Una città in bilico fra il desiderio di un’apparente normalità ed una realtà che invece è fatta di allarmi aerei e qualche giorno fa di un paio di missili piombati a due passi dalle abitazioni. L’atmosfera che si respira a Leopoli è quasi surreale. Kiev, Kharkiv e Mariupol sembrano lontane anni luce. I negozi qui sono quasi tutti aperti, i ristoranti stellati continuano a servire i piatti della cucina internazionale, il traffico è più impazzito che mai, la gente passeggia serenamente e si ritrova nei pub mentre i bambini si divertono nei parchi. Nella piazza principale gli ambulanti scattano le foto ricordo e si può vedere persino qualche procacciatore dei classici tour turistici della città, fra le chiese austroungariche ed i vicoli pittoreschi di questa perla mitteleuropea.

Eppure, la guerra riecheggia anche qui e lo fa con una sequenza di allarmi aerei che martedì 29 marzo sono risuonati più volte durante la giornata. C’è chi corre nei rifugi, ma nei caffè in molti continuano a sorseggiare i loro cappuccini o la famosa cioccolata calda di Lviv. E mentre le sirene ricordano che il conflitto è sopra le nostre teste i vigili urbani proseguono nelle loro contravvenzioni per divieto di sosta. La guerra è anche questo.

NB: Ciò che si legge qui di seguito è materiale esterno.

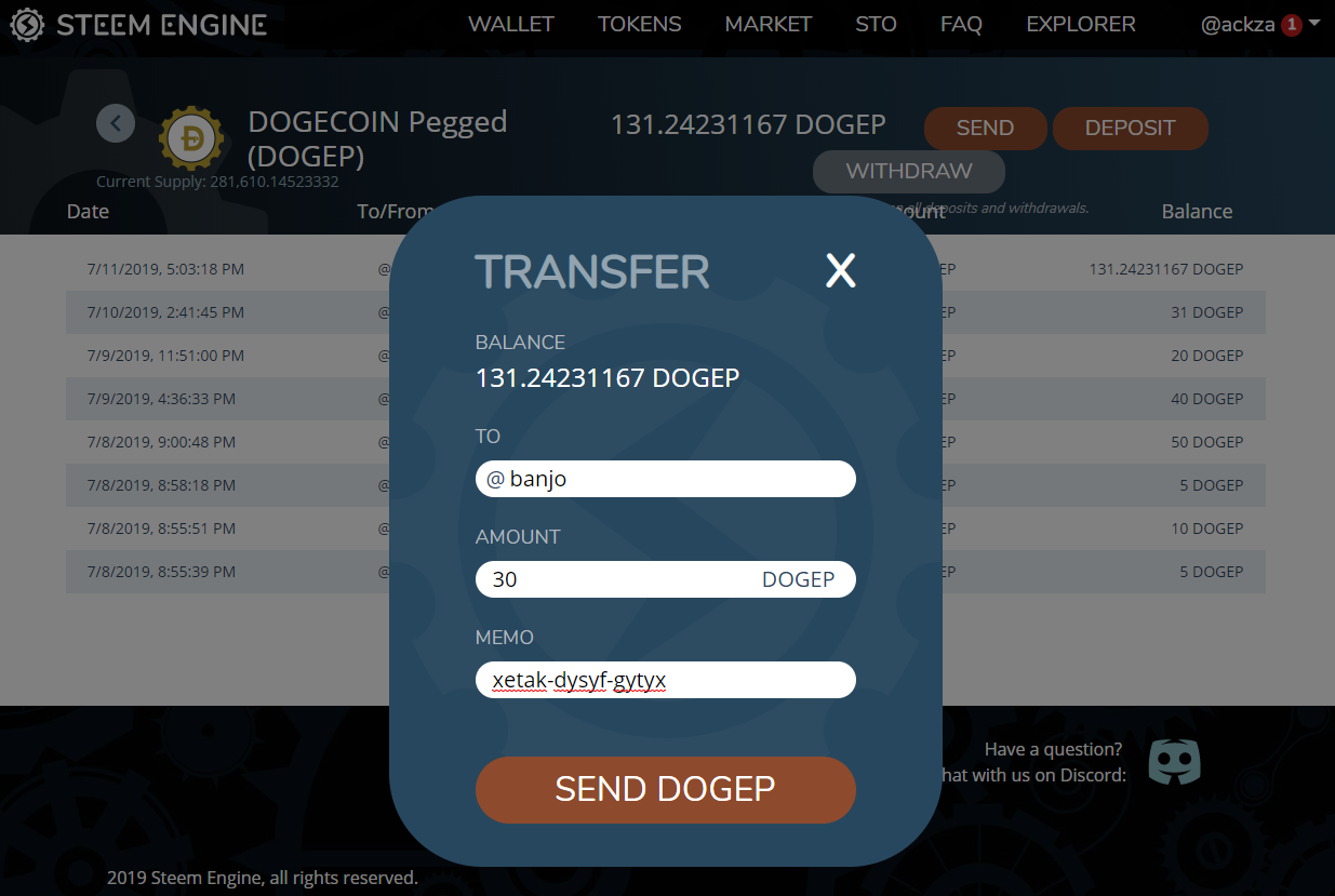 And here is the depositing of my Dogecoin tokens to the @banjo bot which holds them on discord so I can tip them to people's discord OR steem withdraw
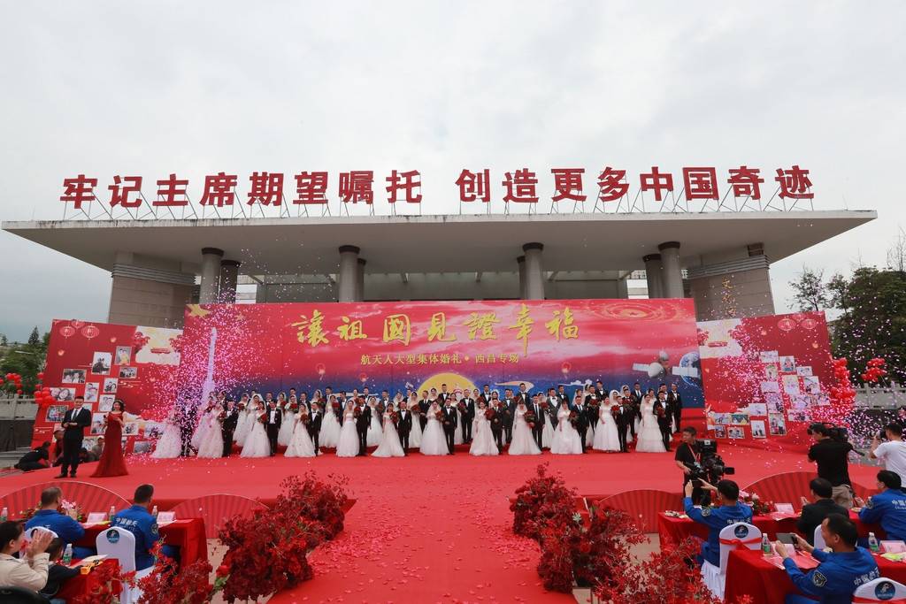 北斗作证,嫦娥为媒。2020年10月1日,西昌卫星发射中心西昌会场为37对航天新人举办“让祖国见证幸福”集体婚礼。
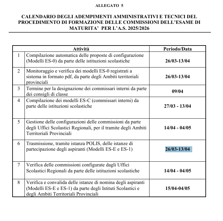 Le domande per fare parte delle commissioni, inviate tramite istanza POLIS, (Modelli ES-E e ES-1), possono essere inviate, secondo la timeline fornita dal Mim, dal 26 marzo al 13 aprile.
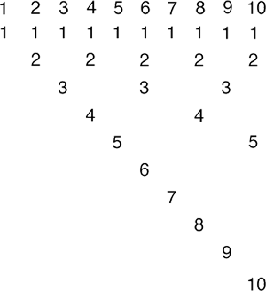 and themselves. Now, write the integer divisors of these ten numbers in columns underneath,
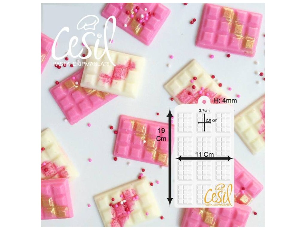 Kvalitní silikonová forma na výrobu čokoládových pralinek. Rozměr formy: cca 19 x 11 cm Rozměr jedné tabulky 3,7 x 2,8 cm Použití: Do formy nalijte rozpuštěnou čokoládu a nechte v lednici ztuhnout. Lze použít i na fondánovou hmotu, isomalt a želatinu.Doplňkové parametry
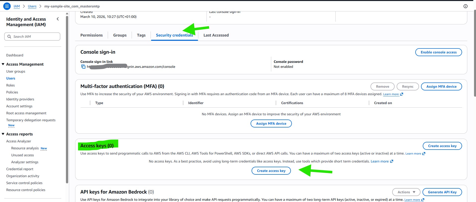 Copy the Access Key ID and Secret Access Key from the Amazon AWS Access keys tab, then paste them into the corresponding fields in the Amazon SES Settings section.
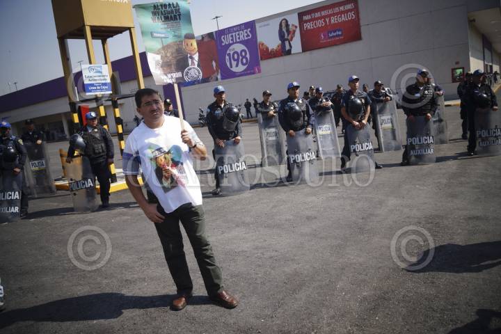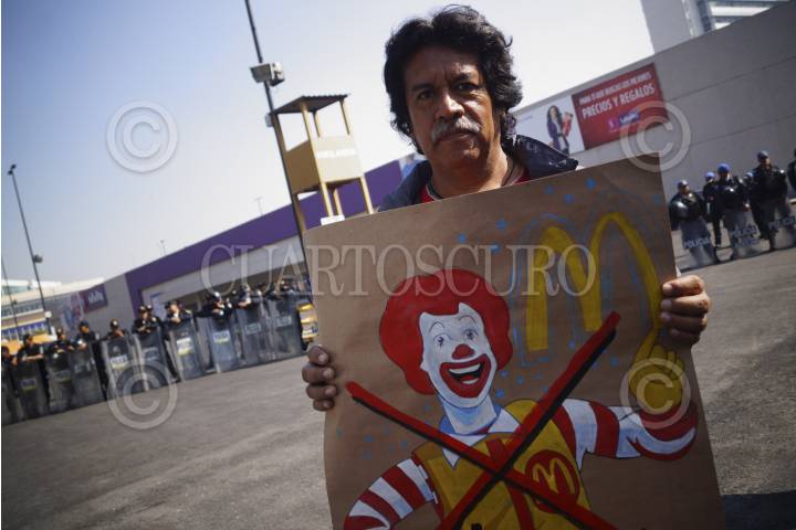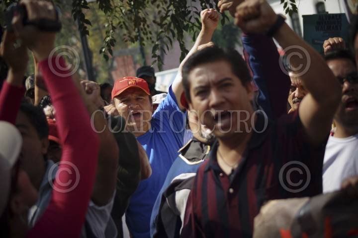 MÉXICO, D.F., 22NOVIEMBRE2013.- Integrantes de organizaciones sociales como el Sindicato Mexicano de Electricistas y la Red de Organizaciones Sociales contra los Abusos y la Impunidad de Wall-Mart, realizaron una protesta a las afueras del Centro comercial Buena vista donde se encuentra un una tienda Wall-Mart, para protestar contra esta tienda comercial que consideran "se ha impuesto pasando por encima de los intereses y bienestar de numerosas comunidades, destruyendo en muchos lugares el medio ambiente y el patrimonio cultural de la ncación". FOTO: PEDRO ANZA /CUARTOSCURO.COM
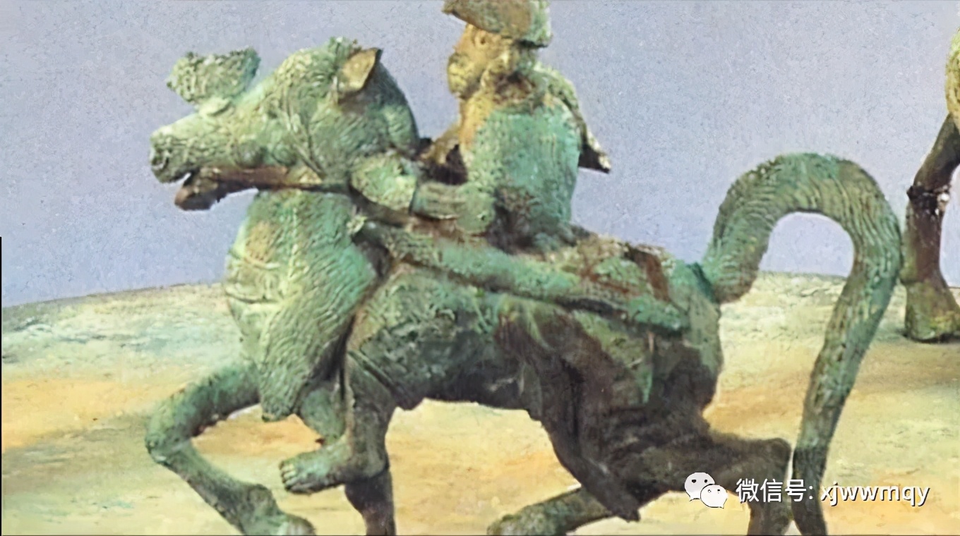 这个骑马神人长着猴的脸,马头上装饰着“恰如”,马的尾巴如猕猴般弓起,是猴马,神人全身披甲,但脚是没有鞋子的。
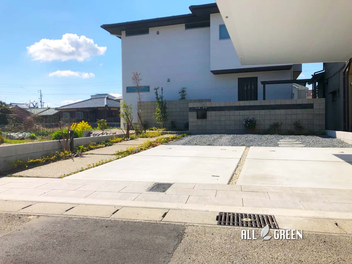 | 工事内容 | 大治町 O様邸 新築外構工事 ブロック積工事・土間コンクリート工事・アプローチ工事・立水栓工事・ウッドデッキ工事・階段工事・植栽工事  |
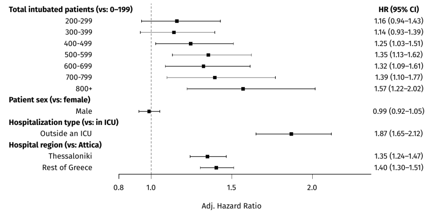 Σύμφωνα με τον καθηγητή λοιμωξιολογίας, η νοσηλεία εκτός ΜΕΘ σχετίζεται με 87% αυξημένη θνητότητα, με την μελέτη να δείχνει πως το ΕΣΥ αδυνατεί να ανταποκριθεί στον φόρτο όταν υπάρχουν πάνω από 400 διασωληνωμένοι, με αποτέλεσμα να πεθαίνουν ασθενείς που θα ζούσαν αν νοσηλεύονταν υπό άλλες συνθήκες.
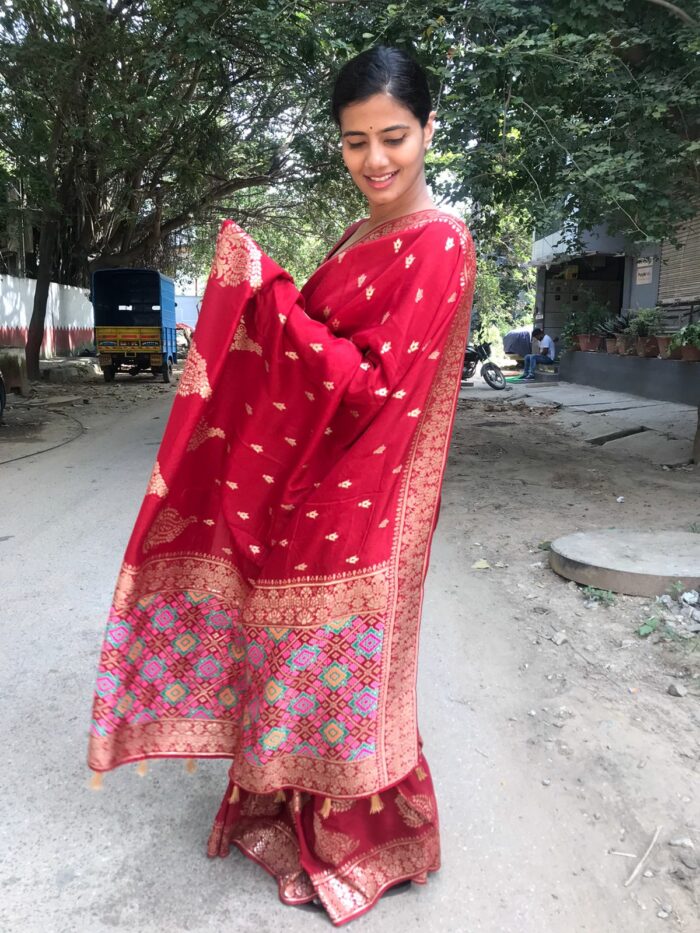 Be the first to review “Deep Red Dola Silk Saree with Gota Patti Work”
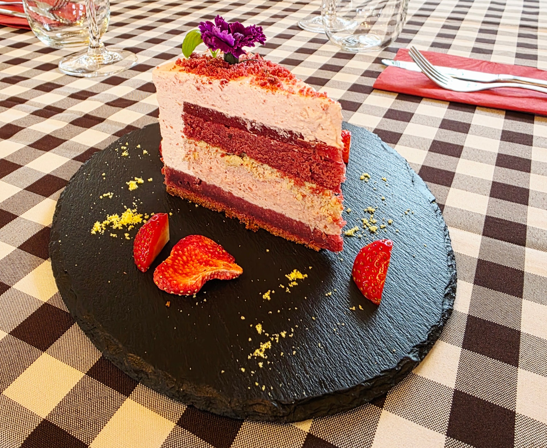 Vörös bársony piskóta, bazsalikomos eperzselé, joghurtos eper mousse
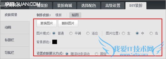 2)上传图片:通过对于本地电脑进行浏览选择您所需要使用照片,(上传的图片将储存在您的贴图相册中,没有则自动生成一个贴图相册,请不要轻易删除,删除该图片或贴图相册后将无法正常展示此自定义皮肤);
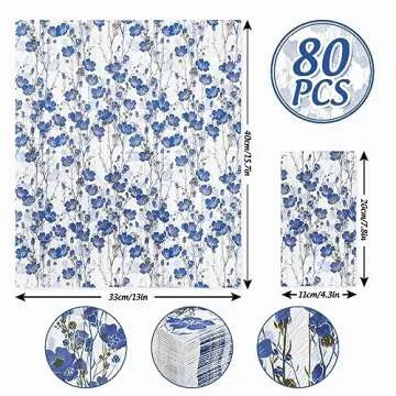 AnyDesign 80 Pack Blue Floral Guest Napkins Disposable Watercolor Blue White Flowers Paper Napkins Dinner Hand Napkin for Birthday Wedding Baby Shower Bridal Shower Party Supplies, 13 x 15.7 Inch

A Leopoli non si beve più da diverse settimane: l’alcol è vietato, sia nei supermercati che nei ristoranti. Neanche sottobanco e neanche agli stranieri. Proibito. Di sera scatta il coprifuoco e dalle 22 bisogna addirittura spegnere le luci. Tutti a casa e tutti al buio, sperando che questa assurda normalità, qui nell’Ovest, possa durare a lungo.